== Listed entries ==
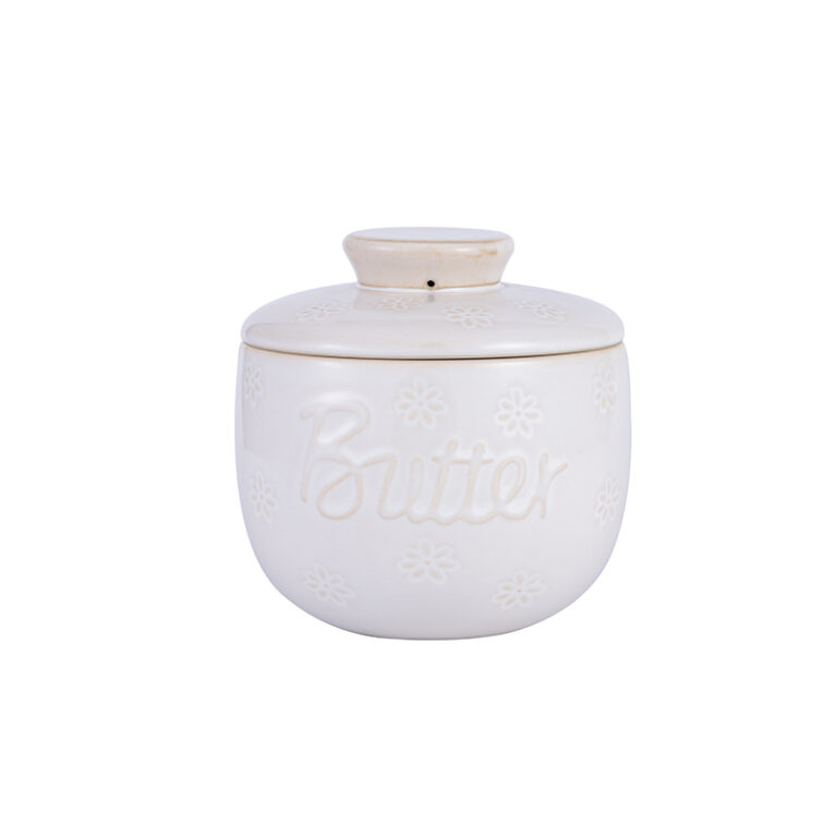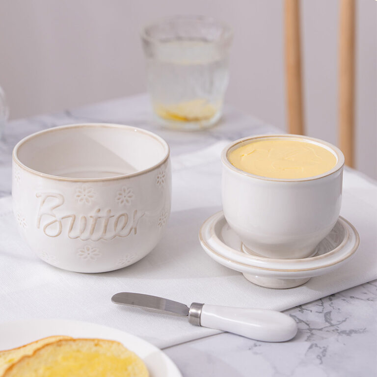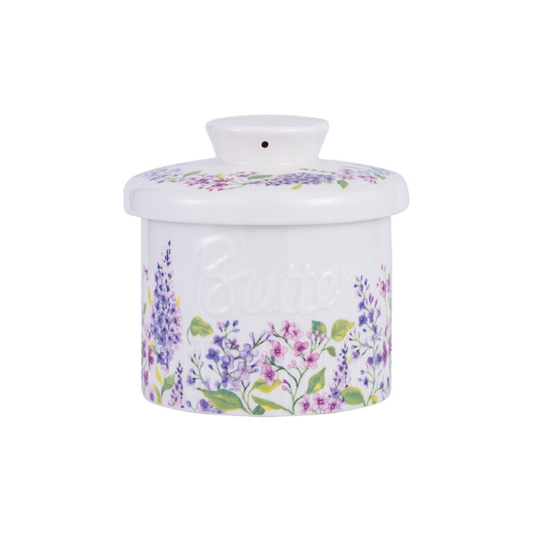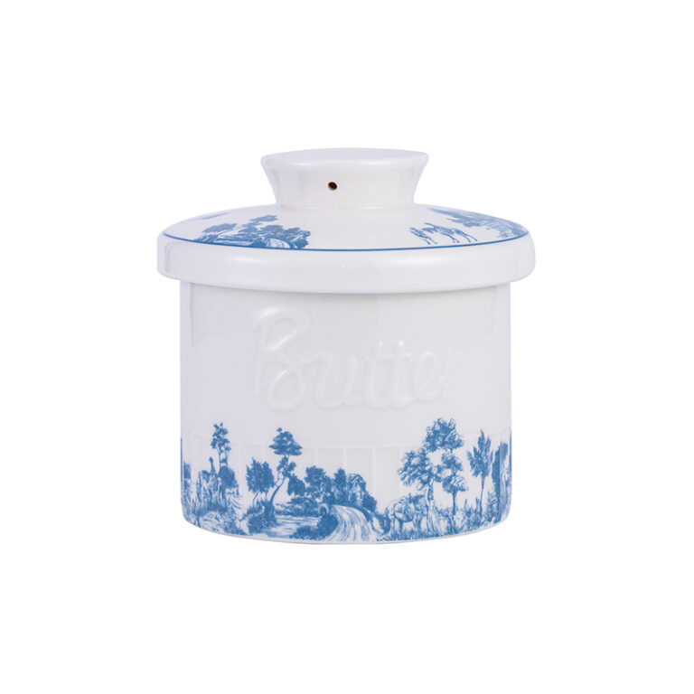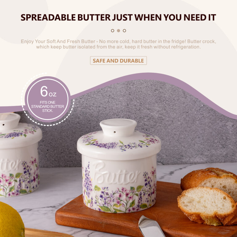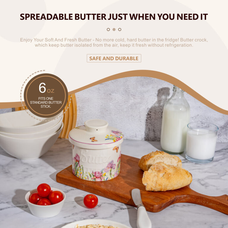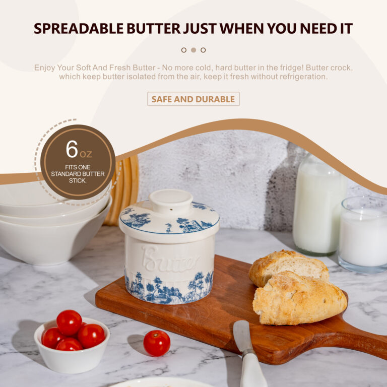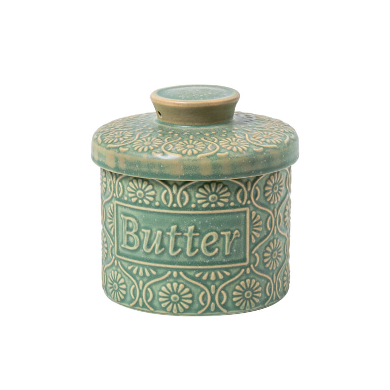 French Butter Crock Porcelain Keeper – Airtight Water-Seal 6.7 oz Countertop Soft Butter Dish, Clover Décor & Housewarming Gift - Mixed vintage
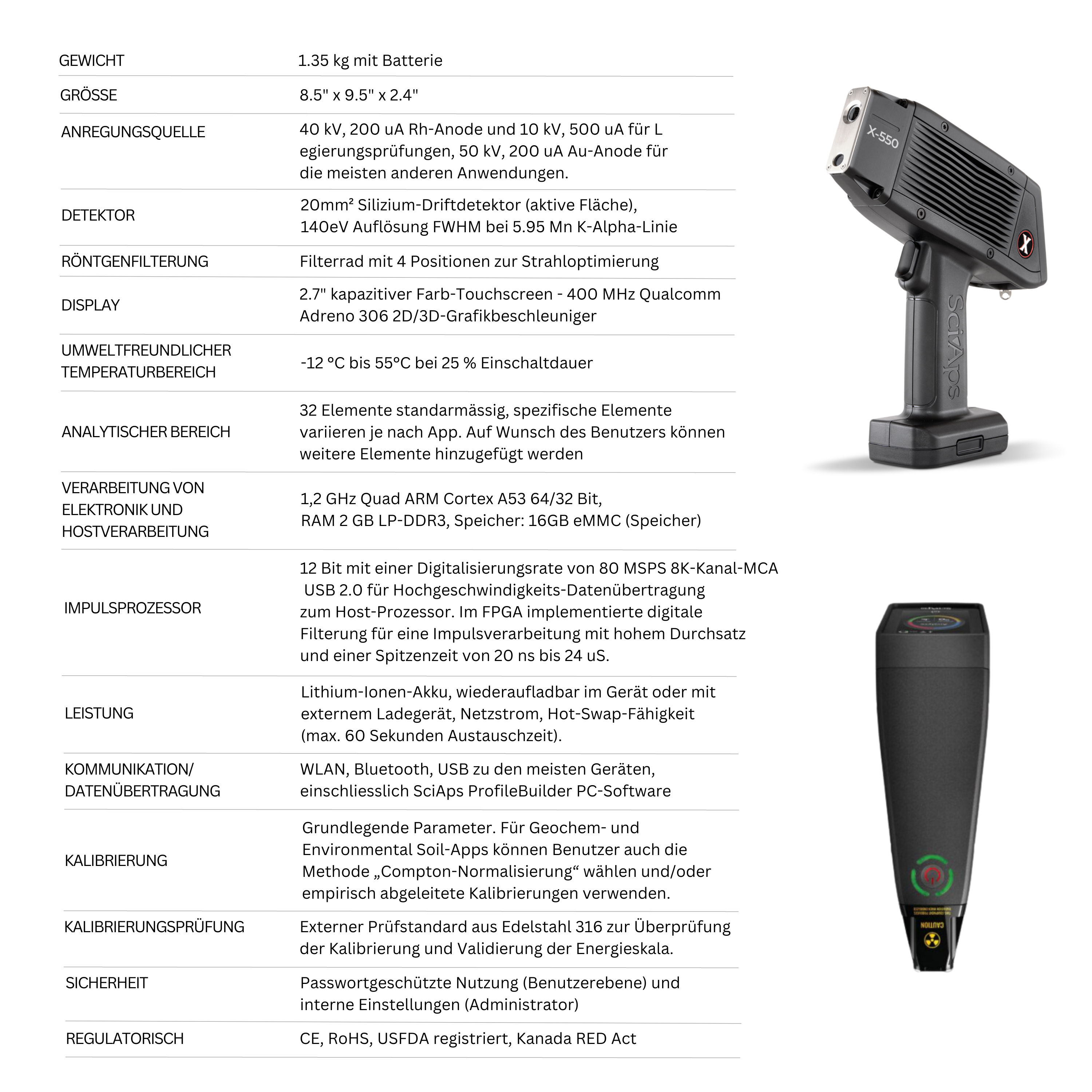 Das SciAps X-550 setzt einen neuen Leistungsstandard für tragbare RFA-Geräte. Mit einem Gewicht von 1,3 kg mit Batterie ist es die leichteste, schnellste und beweglichste Röntgenpistole, die je hergestellt wurde. Es bietet die geringe Größe, die enorme Geschwindigkeit und die hohe Präzision der X-Serie in einem perfekt ausbalancierten Gerät. Es ist schnell bei allen Legierungen, einschließlich Aluminium.
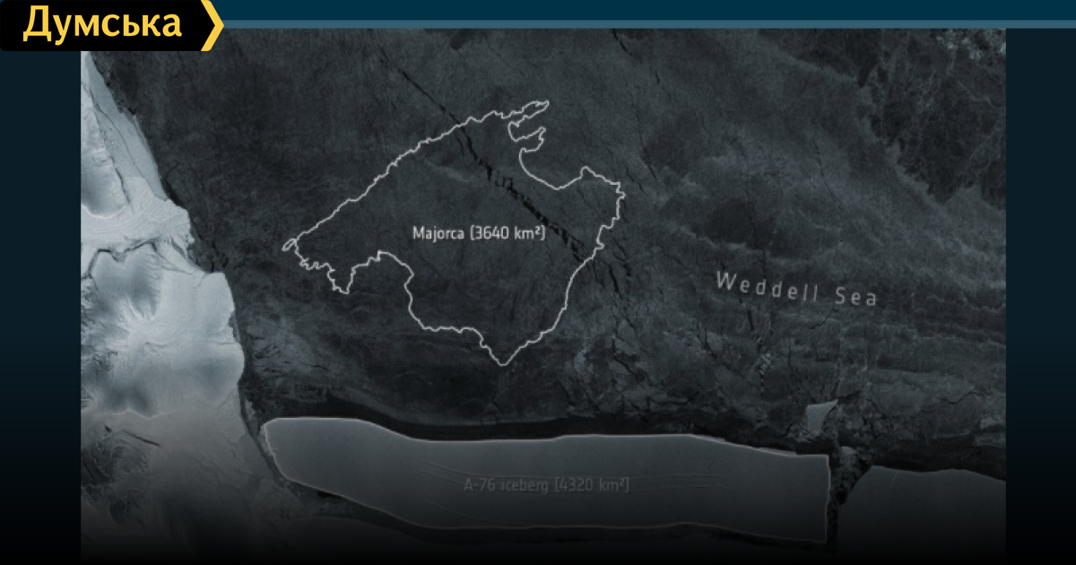 От Антарктиды откололся огромный айсберг площадью больше испанского острова МайоркаВ западной части шельфового ледника Ронне в Антарктиде откололся гигантский айсберг общей площадью примерно 4320 квадратных километров. Об этом сообщает сайт Европейского космического агентства (ESA). Айсберг получил название «А-76». Его длина 170 километров, ширина — 25 километров. На снимке ESA приводит в сравнение размер айсберга с испанским островом Мальорка, у которого площадь 3640 квадратных километров. На данный момент А-76 находится в море Уэдделла. В море также находится айсберг А-32А, площадь которого в момент откалывания от Антарктиды составила 3880 квадратных километров. СМЕРТЬ РОСІЙСЬКИМ ОКУПАНТАМ! Помітили помилку? Виділяйте слова з помилкою та натискайте control-enter |
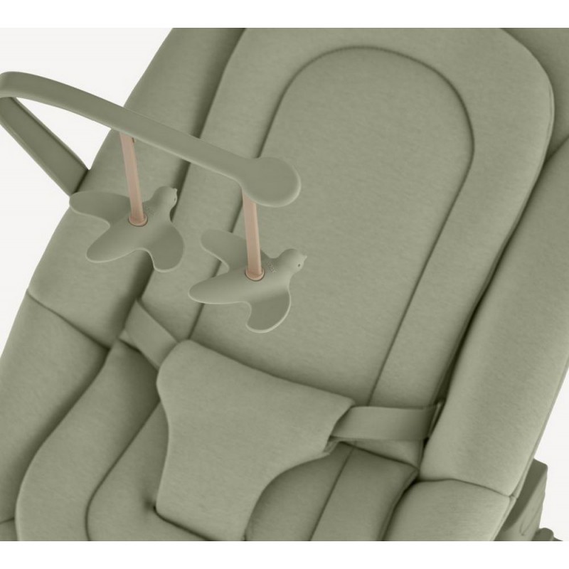 Siedzisko dla noworodka wyposażone jest w zabawki o kontrastowych kształtach i kolorach, które delikatnie stymulują wzrok oraz rozwój sensoryczny dziecka od pierwszych tygodni życia.
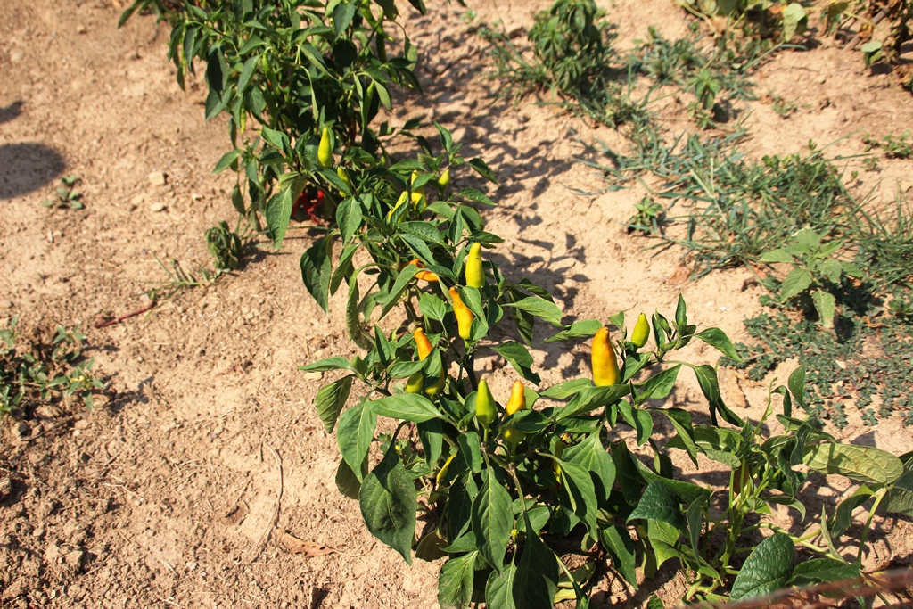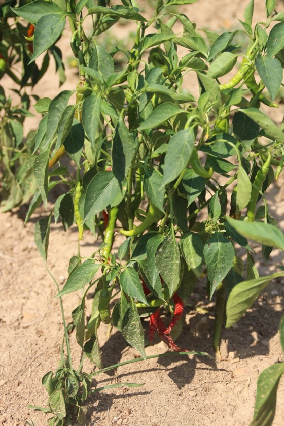 Hiding in here are jalapenos, both red and green. These little devils will set you on fire. Due to the extremely dry conditions, the peppers are much hotter than normal. Thus, the jalapenos that I used to mince up and sprinkle liberally on my beans are now as hot as the cayenne that I used to mince up and sprinkle VERY sparingly on my beans. Imagine my surprise when I took a big bite of beans with lots of jalapeno. I swear I would have breathed out flames if I had opened my mouth. But, luckily for my dining companions, my mother taught me to chew with my mouth closed.

== Problem requirements ==
"От Антарктиды откололся" marks the last line to keep. Retype every line from the start of the entries through that one, exactly, and drop the pictures.

== Result for this exercise ==
 French Butter Crock Porcelain Keeper – Airtight Water-Seal 6.7 oz Countertop Soft Butter Dish, Clover Décor & Housewarming Gift - Mixed vintage
 Das SciAps X-550 setzt einen neuen Leistungsstandard für tragbare RFA-Geräte. Mit einem Gewicht von 1,3 kg mit Batterie ist es die leichteste, schnellste und beweglichste Röntgenpistole, die je hergestellt wurde. Es bietet die geringe Größe, die enorme Geschwindigkeit und die hohe Präzision der X-Serie in einem perfekt ausbalancierten Gerät. Es ist schnell bei allen Legierungen, einschließlich Aluminium.
 От Антарктиды откололся огромный айсберг площадью больше испанского острова МайоркаВ западной части шельфового ледника Ронне в Антарктиде откололся гигантский айсберг общей площадью примерно 4320 квадратных километров. Об этом сообщает сайт Европейского космического агентства (ESA). Айсберг получил название «А-76». Его длина 170 километров, ширина — 25 километров. На снимке ESA приводит в сравнение размер айсберга с испанским островом Мальорка, у которого площадь 3640 квадратных километров. На данный момент А-76 находится в море Уэдделла. В море также находится айсберг А-32А, площадь которого в момент откалывания от Антарктиды составила 3880 квадратных километров. СМЕРТЬ РОСІЙСЬКИМ ОКУПАНТАМ! Помітили помилку? Виділяйте слова з помилкою та натискайте control-enter |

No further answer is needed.